The sample size of the study and hence the power of the 3D surface could be improved by the addition of more airway measurements by either increasing the number of subjects in the study or making airway dimension recordings at a fourth or fifth lung volume. However, the small sample size was sufficient to demonstrate the functionality of the method while minimizing radiation exposure to the subjects.

Despite the limitations of the study, the foundation of the surface was a statistically strong set of regression curves. More importantly, the method enables a description of specific airway compliance to be developed from in vivo, human data, which has not previously been possible.

The 3D surface model generated in this study suggests that airways do not dilate isotropically with lung inflation. The airway diameter–pressure curves vary with airway size, which would not have occurred with isotropic lung expansion. This finding is in agreement with similar work in dogs [2]. Based on our 3D surface model, our study found for the first time in adult humans that small airways are more compliant than large airways which is in agreement with prior studies in mice [29] and have lower plateau pressures than larger airways. The mechanism for the increased specific compliance of small airways is likely due to differences in airway wall composition, specifically decreased or absent cartilage in small airways compared with large airways [26]. The greater specific compliance and lower plateau pressure in the smaller airways may also be of major importance for minimizing airflow resistance during breathing.

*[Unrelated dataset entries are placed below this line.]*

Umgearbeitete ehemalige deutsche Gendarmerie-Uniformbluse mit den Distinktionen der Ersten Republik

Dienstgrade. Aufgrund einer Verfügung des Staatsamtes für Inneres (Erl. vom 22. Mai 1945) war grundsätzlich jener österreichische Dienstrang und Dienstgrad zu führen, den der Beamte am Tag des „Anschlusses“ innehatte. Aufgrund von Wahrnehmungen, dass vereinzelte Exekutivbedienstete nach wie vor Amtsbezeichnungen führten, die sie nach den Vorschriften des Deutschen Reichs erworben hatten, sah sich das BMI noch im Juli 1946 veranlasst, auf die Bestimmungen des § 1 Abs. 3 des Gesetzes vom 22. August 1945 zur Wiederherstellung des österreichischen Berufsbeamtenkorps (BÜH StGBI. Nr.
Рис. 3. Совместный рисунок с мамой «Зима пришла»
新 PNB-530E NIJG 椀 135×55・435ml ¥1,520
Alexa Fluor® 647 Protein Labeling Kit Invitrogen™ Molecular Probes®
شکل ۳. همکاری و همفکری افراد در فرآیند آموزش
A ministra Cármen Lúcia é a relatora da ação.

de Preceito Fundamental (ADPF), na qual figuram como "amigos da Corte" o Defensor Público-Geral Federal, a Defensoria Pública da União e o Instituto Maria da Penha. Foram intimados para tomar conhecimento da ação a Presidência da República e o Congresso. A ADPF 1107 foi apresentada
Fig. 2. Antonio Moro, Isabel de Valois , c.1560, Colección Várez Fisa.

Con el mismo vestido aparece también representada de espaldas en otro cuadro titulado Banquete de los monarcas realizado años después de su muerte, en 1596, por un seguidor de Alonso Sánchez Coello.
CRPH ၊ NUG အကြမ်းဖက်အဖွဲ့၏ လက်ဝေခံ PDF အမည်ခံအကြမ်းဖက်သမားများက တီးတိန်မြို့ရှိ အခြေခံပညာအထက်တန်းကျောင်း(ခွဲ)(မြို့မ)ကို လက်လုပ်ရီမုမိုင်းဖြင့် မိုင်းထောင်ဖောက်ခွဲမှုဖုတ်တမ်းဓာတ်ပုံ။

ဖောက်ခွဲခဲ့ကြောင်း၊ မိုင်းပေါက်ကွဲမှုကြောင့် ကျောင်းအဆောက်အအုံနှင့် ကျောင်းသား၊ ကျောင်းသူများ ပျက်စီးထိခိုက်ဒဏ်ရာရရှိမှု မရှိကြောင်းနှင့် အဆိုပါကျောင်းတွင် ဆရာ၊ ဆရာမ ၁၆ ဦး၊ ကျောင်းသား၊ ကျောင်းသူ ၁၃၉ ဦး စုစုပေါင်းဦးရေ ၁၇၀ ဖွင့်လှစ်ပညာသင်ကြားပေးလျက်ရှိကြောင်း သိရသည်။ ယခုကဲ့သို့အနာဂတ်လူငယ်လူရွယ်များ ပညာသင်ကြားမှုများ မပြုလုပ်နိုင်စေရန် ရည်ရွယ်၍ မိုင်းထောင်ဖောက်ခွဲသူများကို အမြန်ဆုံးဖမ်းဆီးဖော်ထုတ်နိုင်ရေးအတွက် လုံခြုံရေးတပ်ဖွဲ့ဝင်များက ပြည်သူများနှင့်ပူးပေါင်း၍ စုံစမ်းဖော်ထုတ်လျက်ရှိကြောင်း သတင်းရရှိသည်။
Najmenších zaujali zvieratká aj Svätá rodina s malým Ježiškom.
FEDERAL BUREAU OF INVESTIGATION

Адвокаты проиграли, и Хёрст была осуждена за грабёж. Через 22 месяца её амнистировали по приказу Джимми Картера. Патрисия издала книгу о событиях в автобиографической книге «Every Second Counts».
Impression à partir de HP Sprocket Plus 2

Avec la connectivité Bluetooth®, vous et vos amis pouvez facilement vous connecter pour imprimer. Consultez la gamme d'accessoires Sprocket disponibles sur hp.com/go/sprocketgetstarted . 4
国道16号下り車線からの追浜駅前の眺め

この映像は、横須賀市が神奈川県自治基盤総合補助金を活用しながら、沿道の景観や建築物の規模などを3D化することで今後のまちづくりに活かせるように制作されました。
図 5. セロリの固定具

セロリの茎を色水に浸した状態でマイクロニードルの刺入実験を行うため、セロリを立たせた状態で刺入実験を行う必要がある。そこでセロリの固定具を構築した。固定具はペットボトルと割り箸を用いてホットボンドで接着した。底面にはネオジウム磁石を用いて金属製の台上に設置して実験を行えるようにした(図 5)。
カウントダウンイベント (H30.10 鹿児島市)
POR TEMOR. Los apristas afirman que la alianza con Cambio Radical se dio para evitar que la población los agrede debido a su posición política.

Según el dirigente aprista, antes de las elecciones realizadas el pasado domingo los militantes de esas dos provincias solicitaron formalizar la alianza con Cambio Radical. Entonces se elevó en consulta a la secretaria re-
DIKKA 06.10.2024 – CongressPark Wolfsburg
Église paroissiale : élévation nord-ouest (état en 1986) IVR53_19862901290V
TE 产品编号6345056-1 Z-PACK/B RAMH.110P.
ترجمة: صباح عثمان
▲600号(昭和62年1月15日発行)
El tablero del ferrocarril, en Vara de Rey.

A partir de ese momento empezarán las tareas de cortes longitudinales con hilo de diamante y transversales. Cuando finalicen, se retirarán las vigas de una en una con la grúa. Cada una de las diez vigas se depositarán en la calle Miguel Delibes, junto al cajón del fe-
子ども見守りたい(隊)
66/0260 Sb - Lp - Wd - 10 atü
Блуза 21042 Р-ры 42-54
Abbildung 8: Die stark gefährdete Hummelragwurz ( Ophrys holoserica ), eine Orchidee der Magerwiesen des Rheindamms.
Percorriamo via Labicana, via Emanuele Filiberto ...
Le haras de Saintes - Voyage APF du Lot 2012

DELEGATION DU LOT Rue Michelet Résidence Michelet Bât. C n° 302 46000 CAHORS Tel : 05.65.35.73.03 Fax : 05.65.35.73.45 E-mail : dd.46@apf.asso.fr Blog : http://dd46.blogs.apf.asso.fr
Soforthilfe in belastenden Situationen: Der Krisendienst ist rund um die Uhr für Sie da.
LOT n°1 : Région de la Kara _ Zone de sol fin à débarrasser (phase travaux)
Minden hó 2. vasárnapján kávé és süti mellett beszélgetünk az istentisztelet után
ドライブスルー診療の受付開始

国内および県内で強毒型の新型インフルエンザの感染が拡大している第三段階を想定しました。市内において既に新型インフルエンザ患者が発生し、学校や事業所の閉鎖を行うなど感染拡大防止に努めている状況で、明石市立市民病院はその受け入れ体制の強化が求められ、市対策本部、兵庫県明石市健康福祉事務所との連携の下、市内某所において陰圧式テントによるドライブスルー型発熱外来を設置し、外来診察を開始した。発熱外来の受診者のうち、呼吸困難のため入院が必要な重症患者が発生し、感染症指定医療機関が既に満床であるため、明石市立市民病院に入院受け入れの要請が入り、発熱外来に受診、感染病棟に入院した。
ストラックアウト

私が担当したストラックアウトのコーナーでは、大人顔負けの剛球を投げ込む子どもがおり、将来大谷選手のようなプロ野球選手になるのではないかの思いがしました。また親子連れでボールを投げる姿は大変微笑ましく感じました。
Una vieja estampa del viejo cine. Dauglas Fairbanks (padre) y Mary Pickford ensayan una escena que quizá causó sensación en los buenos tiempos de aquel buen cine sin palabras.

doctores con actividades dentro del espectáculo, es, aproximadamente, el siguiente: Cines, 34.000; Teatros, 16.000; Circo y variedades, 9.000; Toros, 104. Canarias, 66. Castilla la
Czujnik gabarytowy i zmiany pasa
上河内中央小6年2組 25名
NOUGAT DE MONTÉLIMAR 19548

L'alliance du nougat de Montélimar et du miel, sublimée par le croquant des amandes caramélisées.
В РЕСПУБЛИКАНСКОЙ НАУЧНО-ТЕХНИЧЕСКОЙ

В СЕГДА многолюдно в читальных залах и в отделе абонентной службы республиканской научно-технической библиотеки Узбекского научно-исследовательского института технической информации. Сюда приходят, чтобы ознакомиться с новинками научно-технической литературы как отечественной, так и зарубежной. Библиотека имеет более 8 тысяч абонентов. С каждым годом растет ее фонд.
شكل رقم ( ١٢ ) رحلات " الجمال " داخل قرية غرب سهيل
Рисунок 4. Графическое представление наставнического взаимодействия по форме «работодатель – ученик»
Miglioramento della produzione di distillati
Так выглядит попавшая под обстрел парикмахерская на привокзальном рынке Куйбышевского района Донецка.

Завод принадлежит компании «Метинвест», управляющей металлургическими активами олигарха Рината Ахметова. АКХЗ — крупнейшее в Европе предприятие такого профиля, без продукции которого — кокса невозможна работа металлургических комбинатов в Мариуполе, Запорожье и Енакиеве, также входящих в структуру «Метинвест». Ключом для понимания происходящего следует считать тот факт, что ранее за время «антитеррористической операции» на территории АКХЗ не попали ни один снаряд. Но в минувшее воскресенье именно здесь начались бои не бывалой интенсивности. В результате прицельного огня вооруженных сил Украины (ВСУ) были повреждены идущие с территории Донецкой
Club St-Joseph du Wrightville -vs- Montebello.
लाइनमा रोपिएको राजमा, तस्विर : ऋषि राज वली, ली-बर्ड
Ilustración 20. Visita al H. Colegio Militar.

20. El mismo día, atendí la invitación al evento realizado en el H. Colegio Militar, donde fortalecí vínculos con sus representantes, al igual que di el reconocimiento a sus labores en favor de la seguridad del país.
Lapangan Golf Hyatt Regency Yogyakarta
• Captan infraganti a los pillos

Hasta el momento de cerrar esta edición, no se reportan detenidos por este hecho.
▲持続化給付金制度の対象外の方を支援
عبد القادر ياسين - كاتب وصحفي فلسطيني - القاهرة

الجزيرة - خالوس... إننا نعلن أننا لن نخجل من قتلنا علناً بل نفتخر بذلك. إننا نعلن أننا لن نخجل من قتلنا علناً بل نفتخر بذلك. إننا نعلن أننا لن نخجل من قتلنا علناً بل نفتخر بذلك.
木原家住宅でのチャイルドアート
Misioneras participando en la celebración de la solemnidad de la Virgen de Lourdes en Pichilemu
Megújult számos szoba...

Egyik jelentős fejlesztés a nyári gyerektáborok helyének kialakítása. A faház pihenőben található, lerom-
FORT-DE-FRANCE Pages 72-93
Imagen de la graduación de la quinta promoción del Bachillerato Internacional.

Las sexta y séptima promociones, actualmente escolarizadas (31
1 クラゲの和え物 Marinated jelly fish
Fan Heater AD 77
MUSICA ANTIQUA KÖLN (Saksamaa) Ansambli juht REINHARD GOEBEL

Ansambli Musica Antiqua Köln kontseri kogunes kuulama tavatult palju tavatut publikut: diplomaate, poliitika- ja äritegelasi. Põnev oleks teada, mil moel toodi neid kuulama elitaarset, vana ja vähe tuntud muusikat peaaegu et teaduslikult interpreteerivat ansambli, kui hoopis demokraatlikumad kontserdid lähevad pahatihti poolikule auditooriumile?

In conclusion, we have described a new method for determining in vivo airway diameter–pressure relationships in humans, in a manner which allows quantification of specific airway compliance for any transpulmonary pressure across a range of airway sizes. The measurement of specific airway compliance has many potential applications in studies of airflow limitation. It will allow realistic in vivo airway compliance values for mathematical assessment of airflow resistance during breathing to be determined. It has the potential to examine, in detail, changes in airway mechanics during the transition from mild disease to chronic and life threatening airflow limitation, which is still poorly understood.